▶ _INFORMATION PROVIDED_
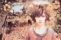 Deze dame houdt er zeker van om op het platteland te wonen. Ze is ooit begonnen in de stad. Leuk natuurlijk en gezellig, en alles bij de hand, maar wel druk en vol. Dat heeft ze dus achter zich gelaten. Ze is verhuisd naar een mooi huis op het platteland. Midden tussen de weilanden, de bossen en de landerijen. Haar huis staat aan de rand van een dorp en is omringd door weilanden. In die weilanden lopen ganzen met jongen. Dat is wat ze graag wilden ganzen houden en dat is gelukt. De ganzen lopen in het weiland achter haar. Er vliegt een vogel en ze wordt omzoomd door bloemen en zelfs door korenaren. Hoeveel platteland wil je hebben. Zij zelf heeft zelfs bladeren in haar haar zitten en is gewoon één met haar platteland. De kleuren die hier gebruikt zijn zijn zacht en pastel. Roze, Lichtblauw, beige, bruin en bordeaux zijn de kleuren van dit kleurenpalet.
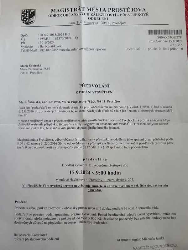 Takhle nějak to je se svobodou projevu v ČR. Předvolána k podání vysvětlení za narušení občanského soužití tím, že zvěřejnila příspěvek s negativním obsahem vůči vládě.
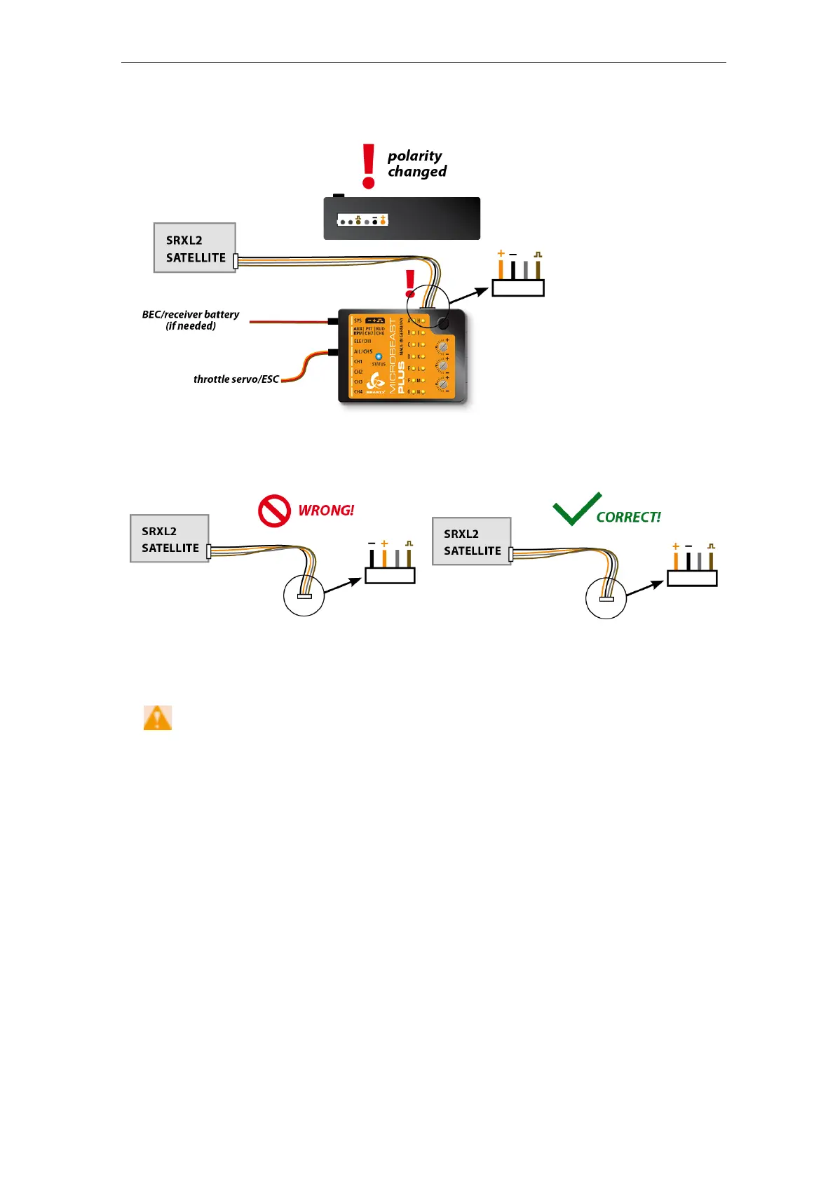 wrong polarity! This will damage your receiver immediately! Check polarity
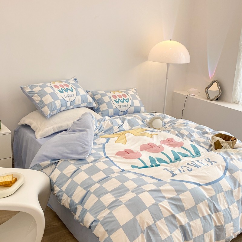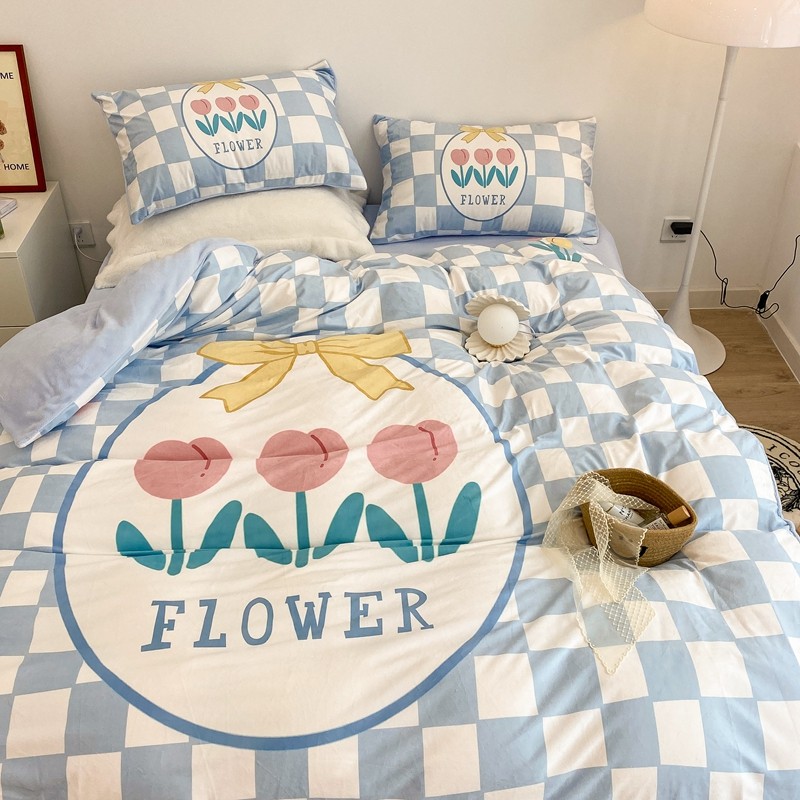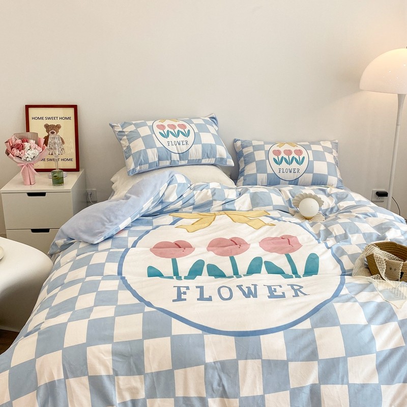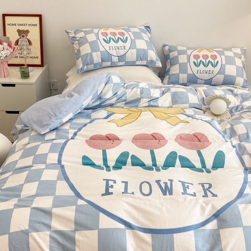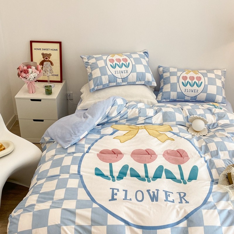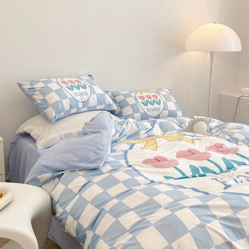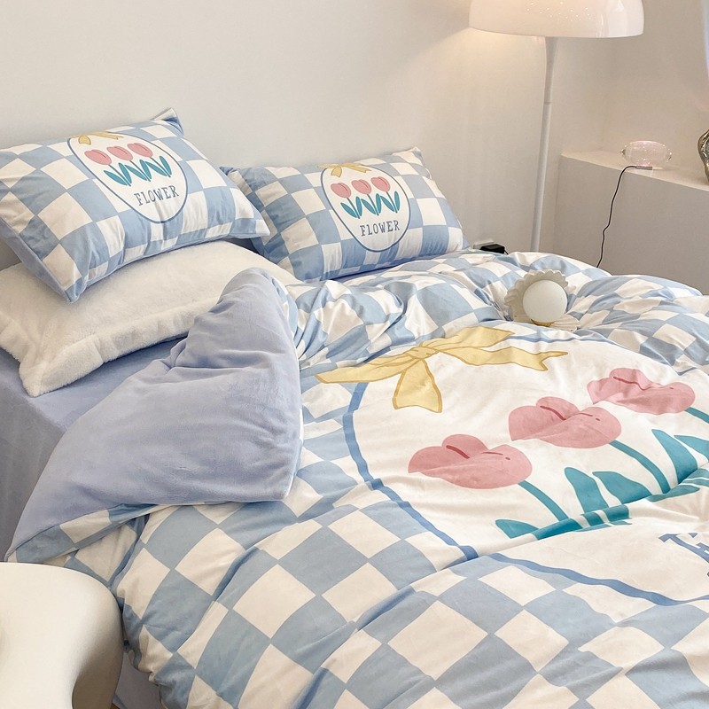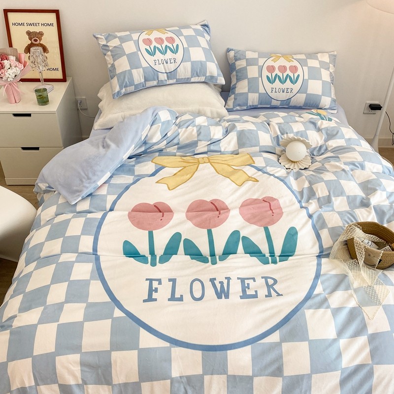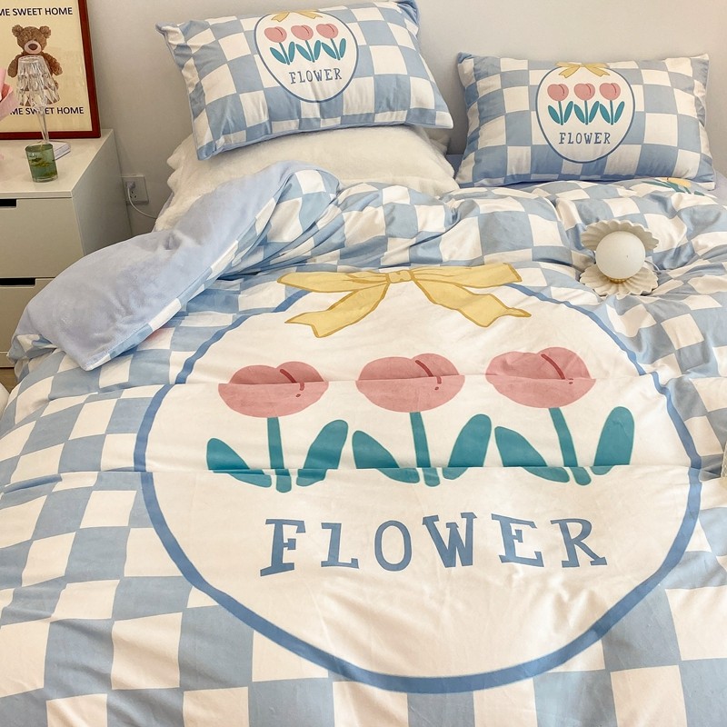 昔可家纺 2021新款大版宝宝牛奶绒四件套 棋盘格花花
...
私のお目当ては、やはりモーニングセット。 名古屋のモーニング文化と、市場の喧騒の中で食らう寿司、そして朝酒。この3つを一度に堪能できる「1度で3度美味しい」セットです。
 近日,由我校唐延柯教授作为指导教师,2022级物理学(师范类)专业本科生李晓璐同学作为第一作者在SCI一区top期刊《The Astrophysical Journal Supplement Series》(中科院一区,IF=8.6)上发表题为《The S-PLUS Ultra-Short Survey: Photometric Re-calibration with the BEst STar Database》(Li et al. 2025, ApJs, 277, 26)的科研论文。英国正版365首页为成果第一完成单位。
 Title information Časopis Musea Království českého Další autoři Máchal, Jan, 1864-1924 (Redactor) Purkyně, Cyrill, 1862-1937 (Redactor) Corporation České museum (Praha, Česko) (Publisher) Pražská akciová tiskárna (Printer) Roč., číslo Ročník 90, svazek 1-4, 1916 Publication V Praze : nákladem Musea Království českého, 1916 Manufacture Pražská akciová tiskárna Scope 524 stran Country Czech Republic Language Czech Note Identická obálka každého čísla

▶ _TASK DIRECTIONS_
Text only, no pictures: please print exactly the lines above from the line with "Takhle nějak to" up to and including the line with "昔可家纺 2021新款大版宝宝牛奶绒四件套 棋盘格花花", and nothing else.

▶ _RESULT OF THE EXERCISE_
 Takhle nějak to je se svobodou projevu v ČR. Předvolána k podání vysvětlení za narušení občanského soužití tím, že zvěřejnila příspěvek s negativním obsahem vůči vládě.
 wrong polarity! This will damage your receiver immediately! Check polarity
 昔可家纺 2021新款大版宝宝牛奶绒四件套 棋盘格花花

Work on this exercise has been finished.